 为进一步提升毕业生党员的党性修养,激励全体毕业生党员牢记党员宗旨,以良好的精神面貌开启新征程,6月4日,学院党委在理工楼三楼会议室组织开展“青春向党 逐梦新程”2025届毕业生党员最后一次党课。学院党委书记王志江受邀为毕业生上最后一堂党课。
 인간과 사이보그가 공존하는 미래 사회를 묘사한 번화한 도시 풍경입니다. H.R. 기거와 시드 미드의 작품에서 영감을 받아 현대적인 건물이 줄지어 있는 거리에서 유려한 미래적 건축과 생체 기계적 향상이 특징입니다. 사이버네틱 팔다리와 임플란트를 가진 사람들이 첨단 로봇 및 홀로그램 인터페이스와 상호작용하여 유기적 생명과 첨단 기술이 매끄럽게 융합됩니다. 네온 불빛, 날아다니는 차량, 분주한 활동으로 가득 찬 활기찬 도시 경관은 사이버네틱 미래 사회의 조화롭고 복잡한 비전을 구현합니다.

━━━━━━━━━━━━━━━━━━━━

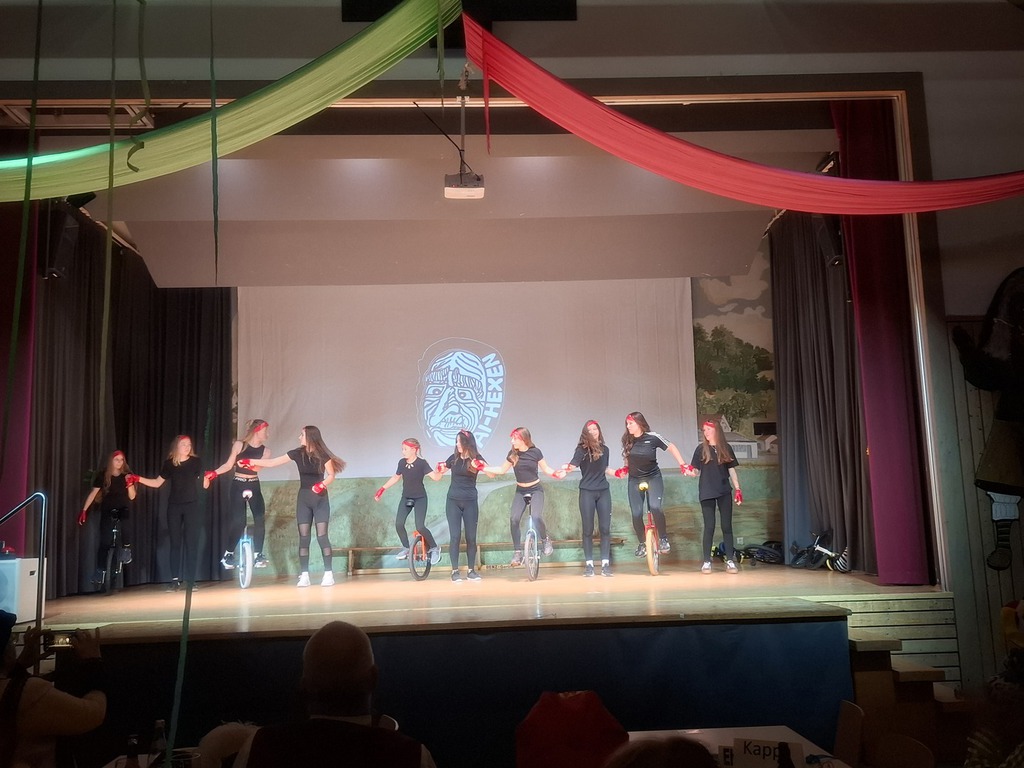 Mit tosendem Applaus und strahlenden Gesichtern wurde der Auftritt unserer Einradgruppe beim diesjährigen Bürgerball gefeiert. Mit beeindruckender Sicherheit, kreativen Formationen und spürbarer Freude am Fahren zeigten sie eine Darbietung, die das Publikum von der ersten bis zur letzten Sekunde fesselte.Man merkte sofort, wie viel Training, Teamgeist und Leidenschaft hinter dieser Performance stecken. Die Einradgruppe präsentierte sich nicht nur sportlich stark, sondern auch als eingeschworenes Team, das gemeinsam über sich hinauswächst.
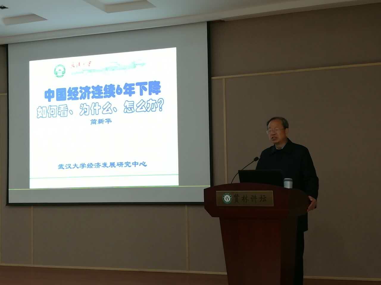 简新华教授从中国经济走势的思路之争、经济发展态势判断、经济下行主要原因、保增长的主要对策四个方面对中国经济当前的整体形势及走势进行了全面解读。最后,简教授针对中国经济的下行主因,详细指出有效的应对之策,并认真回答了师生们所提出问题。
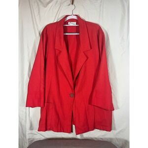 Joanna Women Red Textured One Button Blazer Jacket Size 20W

━━━━━━━━━━━━━━━━━━━━

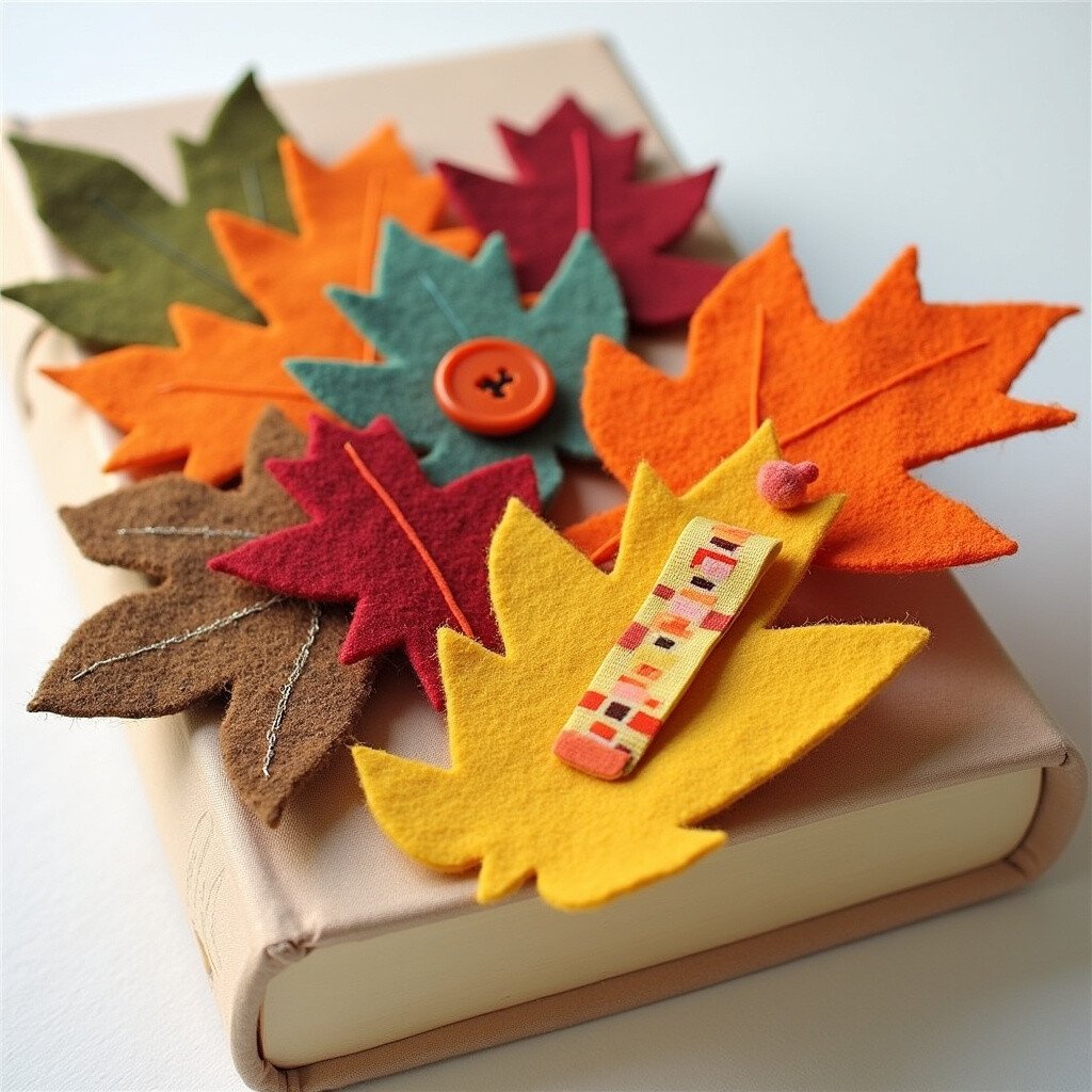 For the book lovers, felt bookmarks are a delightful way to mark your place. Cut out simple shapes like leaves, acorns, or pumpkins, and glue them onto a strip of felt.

━━━━━━━━━━━━━━━━━━━━

*Task item*
What you give back should be exactly the lines of the data above from the line with "为进一步提升毕业生党员的党性" through the line with "인간과 사이보그가 공존하는", both of those included, and nothing more.

*Answer area*
 为进一步提升毕业生党员的党性修养,激励全体毕业生党员牢记党员宗旨,以良好的精神面貌开启新征程,6月4日,学院党委在理工楼三楼会议室组织开展“青春向党 逐梦新程”2025届毕业生党员最后一次党课。学院党委书记王志江受邀为毕业生上最后一堂党课。
 인간과 사이보그가 공존하는 미래 사회를 묘사한 번화한 도시 풍경입니다. H.R. 기거와 시드 미드의 작품에서 영감을 받아 현대적인 건물이 줄지어 있는 거리에서 유려한 미래적 건축과 생체 기계적 향상이 특징입니다. 사이버네틱 팔다리와 임플란트를 가진 사람들이 첨단 로봇 및 홀로그램 인터페이스와 상호작용하여 유기적 생명과 첨단 기술이 매끄럽게 융합됩니다. 네온 불빛, 날아다니는 차량, 분주한 활동으로 가득 찬 활기찬 도시 경관은 사이버네틱 미래 사회의 조화롭고 복잡한 비전을 구현합니다.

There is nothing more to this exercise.